Whether you’re an aspiring restaurateur or an experienced operator, it has likely crossed your mind to open at least a “few locations,” or to begin “franchising” a winning concept. It’s in our nature to grow and always look for more, right?
When the timing is right, expanding with multiple locations can make a lot of sense for a brand, but only if it is truly, the right time.
A common first challenge is that many restaurants, even successful restaurants, are simply not ready or properly positioned for this type of expansion. To take a restaurant from one location to two or three and/or to lay the groundwork for franchising, it takes a variety of planning methods, in-depth market research, and the proper execution of a variety of systems.
The second challenge is that many independent restaurateurs try to go through this growth stage all on their own or with their first location’s key staff members, often resulting in burnout for everyone involved and ultimately sacrificing the success of the first restaurant.
The silver lining is that every challenge has a solution!
To prepare a restaurant for growth, the following strategies and due diligence need to be prepped prior to moving forward with the idea:
Prep a Business Plan
Just because the first location was successful, doesn’t mean the second or third location will automatically have the same success.
Whether you plan to fund the growth stage yourself or pitch the growth stage to investors, a business plan is vital to the success of not only one, but multiple locations.
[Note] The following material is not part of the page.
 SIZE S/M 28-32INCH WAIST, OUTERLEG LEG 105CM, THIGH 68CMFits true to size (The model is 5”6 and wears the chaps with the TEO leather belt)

A market feasibility study (demographics and competition) for each location in addition to trend management, financial forecasting, start-up costs, staff structure, and realistic time-frames to meet critical objectives, all should be vetted out to achieve the long-term success of each location.
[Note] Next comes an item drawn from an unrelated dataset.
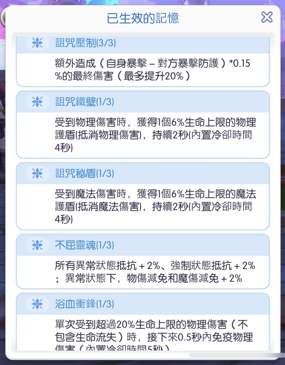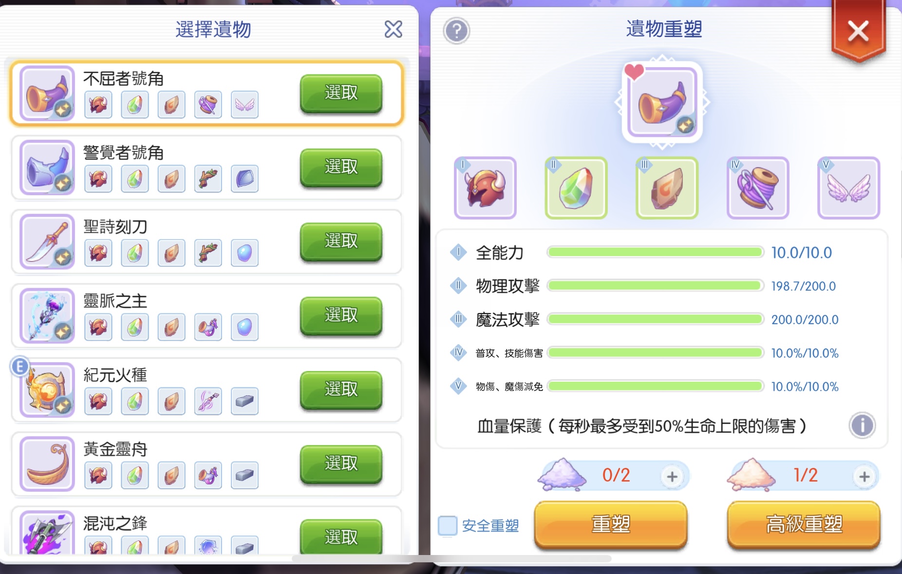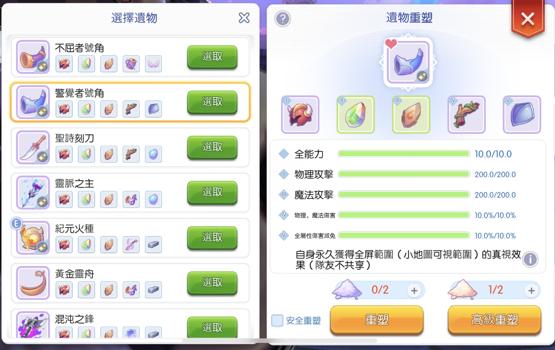 遺物:真視 血保 防轉 火種 靈脈 (異常、命中皆點亮,都75%左右快點滿)

Determine Your Concept Characteristics
If you’re looking to get into franchising in particular, it is wise to consider operating two or three locations first, prior to executing a franchising plan. Before others will invest in the concept, it must be tested in a variety of settings and demographics.
This is where ensuring the five concept characteristics of being scalable, profitable, memorable, consistent, and sustainable are evident in not only your designs, but your operations.
Make Sure Your Systems Be Easily Duplicated
Arguably one of the most important aspects in terms of growth is ensuring that each restaurant has the right systems in place. Duplication is the key. Your operations will undoubtedly run like a well-oiled machine if all restaurant outlets are using the same winning formula.
Each location must operate in unison. If even one system (training, communication, marketing, preparation, inventory, human resources) is broken or is non-existent in the first location, the second location will struggle even more. To do this, there must be operational manuals, HR policies, and training platforms in place that can be easily duplicated.
Keep the Kitchen & Bar Consistent
If developing identical concepts, consistency is essential. If a location is ready for growth, it’s because it’s built a brand with memorable food, drink, and guest experiences. This must be duplicated among all additional outlets, coinciding with the noted systems above.
But now that a location is growing, so do the expectations of its guests. All recipe books, portions, supply chain, kitchen manuals, bar manuals, and staff training must be created equally and consistently across all channels.
Implement a Supporting Cast
Remember that everything is multiplied when adding additional locations, including the headaches and sacrifices it takes to operate just one location.
As owner or chef, are you in a position to handle this extra workload? The answer is probably no. What often happens is the owner will spend more time at the new location, leaving the first location vulnerable.
That’s why it’s important to take the time to consider the right management team for multiple locations, including additional chefs, managers, and supervisors in addition to startup specialists like consultants, designers, engineers, and architects that will save time, money, and energy.
Reevaluate Your Marketing Plan
Is your current marketing plan suitable for multiple locations? What has worked and not worked for the first location? What would need to be changed in terms of the website, search engine optimization, social media, and print collateral to name a few?
In addition, if not already complete, trademarking the name, logo, and any associated tag-lines is also critical to protect the brand in new or multiple markets.
In short, restaurant growth and/or franchising can create enormous opportunities if executed properly.
That said, the number of locations a restaurateur or restaurant group may have is simply that, just a number. It’s important to not forget the fundamentals, where the quality of food & beverage, customer service, and guest experience is paramount at each location.